Reflections: I learnt about constellations and asterisms and I can apply this to my daily life by figuring out how to find constellations in the night sky better in the future. This lesson can be important on finding out how future constellations or asterisms can be found and I would like to see more about space shuttles in the future. It can be improved by adding more interactive activities.

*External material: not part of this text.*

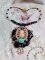 J’ai positionné sur une base en dentelle Noire également très ancienne un cabochon représentant une femme en corsage avec des fleurs.

29 June 2022: I learnt about 21st century advancements in astronomy, like new discoveries and inventions

Gravitational waves: Gravitational waves are the stretching and squeezing of spacetime, like ripples. Einstein's general relativity states that anything with mass produces gravity which curves space-time. A few kilometres away, the wavs just pass through (cannot be felt) How to detect gravitational waves? One way is using LIGO, a large scale observatory. It uses lasers to detect gravitational waves, and when the lasers bend, gravitational waves are there.

Enceladus: Enceladus is the sixth largest moon or Saturn (500 km in diameter), and it is mostly covered by fresh and clean ice. Many rich water plumes can be found there. Cryovolcanoes shoot geyser like jets and were found on the Cassini mission after a chemical analysis.

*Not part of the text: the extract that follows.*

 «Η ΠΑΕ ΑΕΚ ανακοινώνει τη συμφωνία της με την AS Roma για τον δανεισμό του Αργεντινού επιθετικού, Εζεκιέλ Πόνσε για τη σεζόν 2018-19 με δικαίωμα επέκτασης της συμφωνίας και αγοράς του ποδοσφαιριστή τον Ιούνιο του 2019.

ok but what are cryovolcanoes: ice volcanoes that erupt volatiles like water and gases below freezing point called cryomagma. (but not hot magma). After erupting, they are supposed to condense into a solid form.

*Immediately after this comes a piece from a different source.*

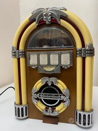 Radio Juke Box anni 80 marca ALFA TRONIC mod. JB02. La forma a cupola ed il frontale con le sembianze di un vecchio juke box americano. Condizioni stupende e perfettamente funzionante con un'ottima acustica. All'accensione della radio si illumina anche la parte trasparente anteriore. Nel retro è posizionato un'interruttore che alimenta ed accende le luci della parte periferica. Alimentazione a rete. Le misure in cm sono 28 x 20 x 14. Prezzo trattabile.

How did the water jets form: Hotspots around the geysers and plumes were formed by tidal friction and warm liquid water travels up the crack, and depositing some heat and ice on the surface.

Mars is speaking????? (sounds of mars): The speed of sound is around 540 mph on Mars compared to 760 mph on Earth, and it is not very noticeable up close. The audio is a lot lower of Mars because the Martian atmosphere is 100 times less dense than Earth, which affects how sound waves travel to Earth. 

Finding another "earth" (Kepler 452b): Using the Kepler Space telescope, dozens of habitable planets, named exoplanets, have been found by astronomers. These planets have characteristics similar to Earth. It has the right temperature within the habitable zone, its diameter is one and a half time bigger than Earth's, it has a good chance of rocky terrain and it is orbiting a sun (well more like a star but yes).

Magnetars: The most magnetic objects in the universe. They are very slow-spinning neutron stars, and their magnetic fields are a thousand trillion times stronger than Earth's. Like other stars, they emit bursts of radiation. Unlike Pulsars, their pulses are not consistent but very erratic.

First images of black hole captured: The first image of a black hole was captured in March - April 2019, by using the Event Horizon Telescope (EHT) and the shadow of the supermassive black hole can be seen. Ok but why is it cool?:  A black hole is so dense that not even light can escape. By its very nature, a black hole cannot be seen or photographed, making it especially fascinating.

Gaia: Gaia is a mission by the European Space Agency made to survey over a billion stars to create a 3D map of the milky way and the local neighbourhood. Why is it cool?: Gaia is expected to capture a precise 3D map of over a billion stars, giving us data on the milky way like structure, luminosity, temperature etc. This will gives us answers to many of our questions on how the universe works, our origins and possibility of alien life.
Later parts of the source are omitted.